Start of Collected data
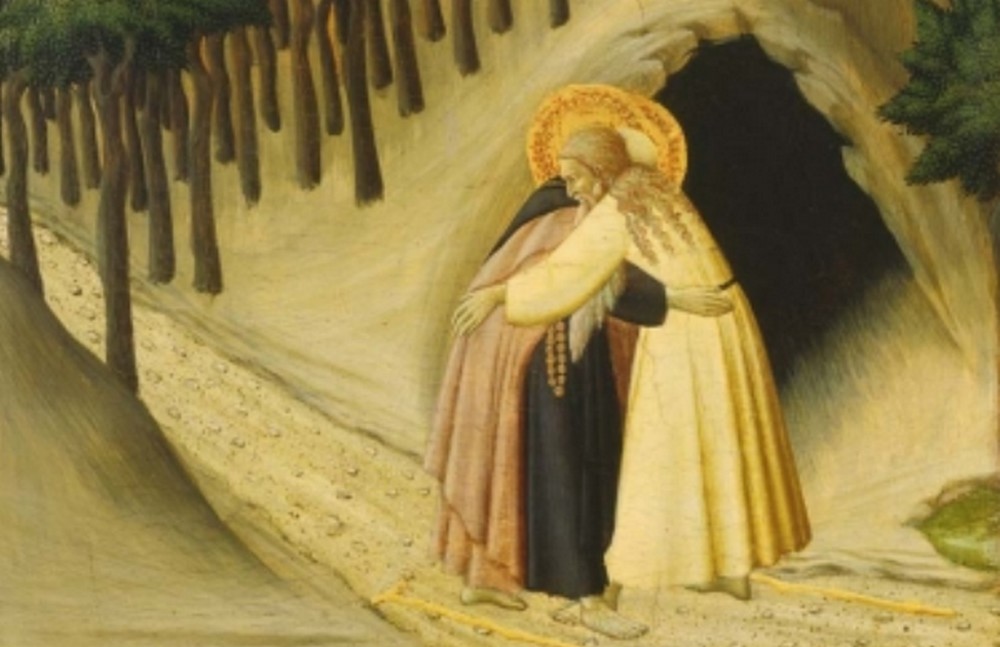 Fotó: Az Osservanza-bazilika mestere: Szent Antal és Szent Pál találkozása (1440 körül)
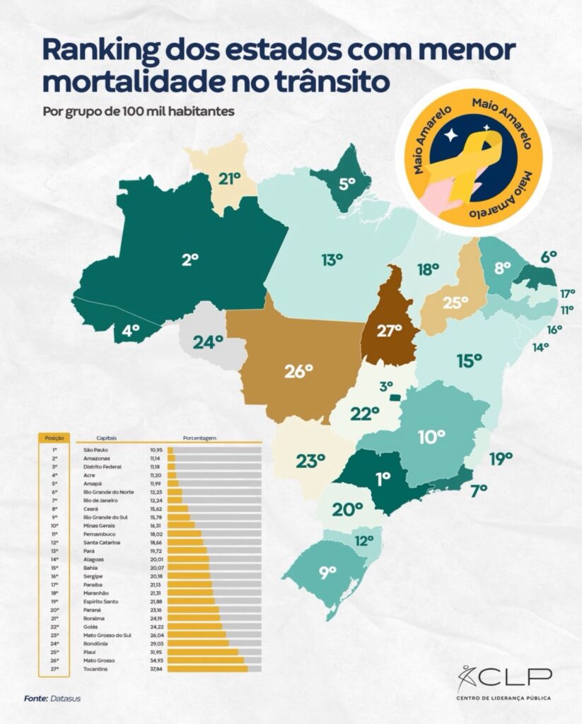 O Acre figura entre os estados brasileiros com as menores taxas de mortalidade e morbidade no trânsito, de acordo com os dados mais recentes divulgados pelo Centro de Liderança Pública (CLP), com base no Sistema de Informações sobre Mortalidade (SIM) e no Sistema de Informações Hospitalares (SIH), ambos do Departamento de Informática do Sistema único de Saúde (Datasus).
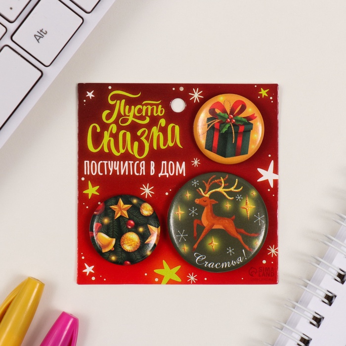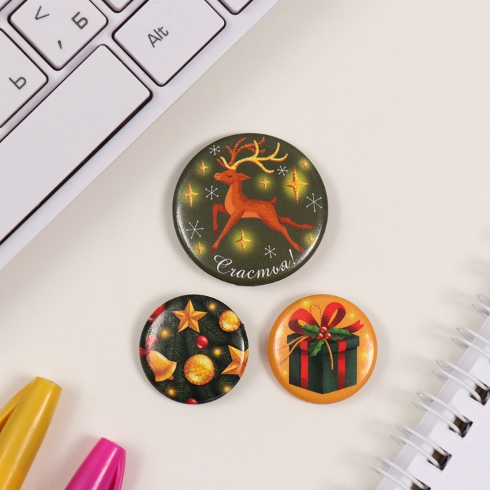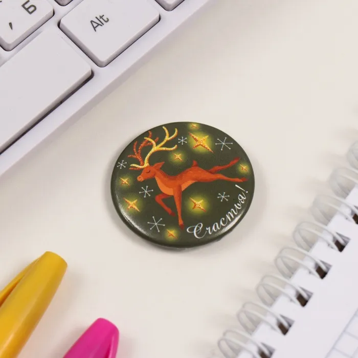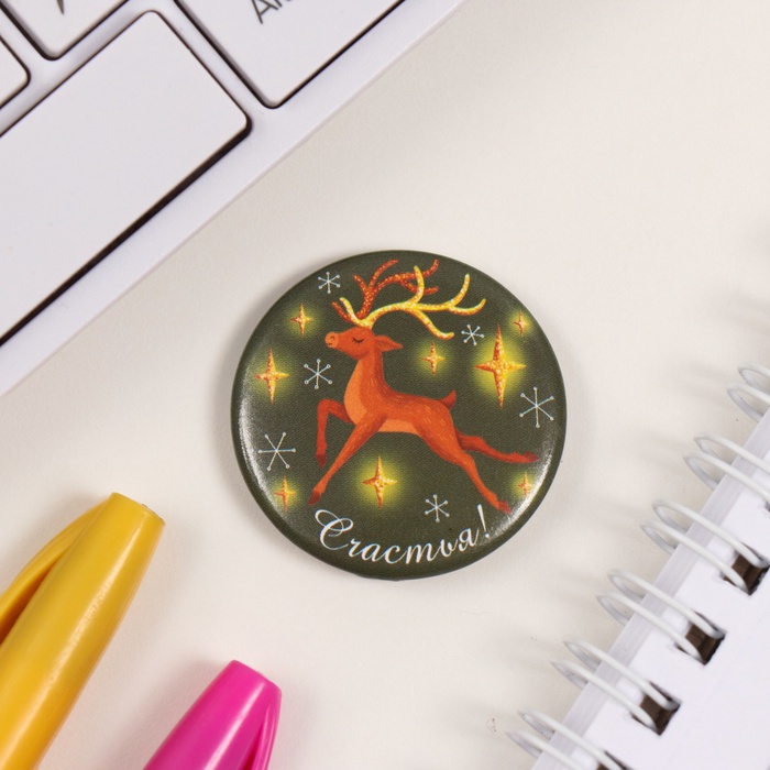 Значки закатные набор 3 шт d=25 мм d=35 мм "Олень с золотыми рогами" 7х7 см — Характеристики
End of Collected data
Reproduce the data above exactly, leaving out any picture in it.

 Fotó: Az Osservanza-bazilika mestere: Szent Antal és Szent Pál találkozása (1440 körül)
 O Acre figura entre os estados brasileiros com as menores taxas de mortalidade e morbidade no trânsito, de acordo com os dados mais recentes divulgados pelo Centro de Liderança Pública (CLP), com base no Sistema de Informações sobre Mortalidade (SIM) e no Sistema de Informações Hospitalares (SIH), ambos do Departamento de Informática do Sistema único de Saúde (Datasus).
 Значки закатные набор 3 шт d=25 мм d=35 мм "Олень с золотыми рогами" 7х7 см — Характеристики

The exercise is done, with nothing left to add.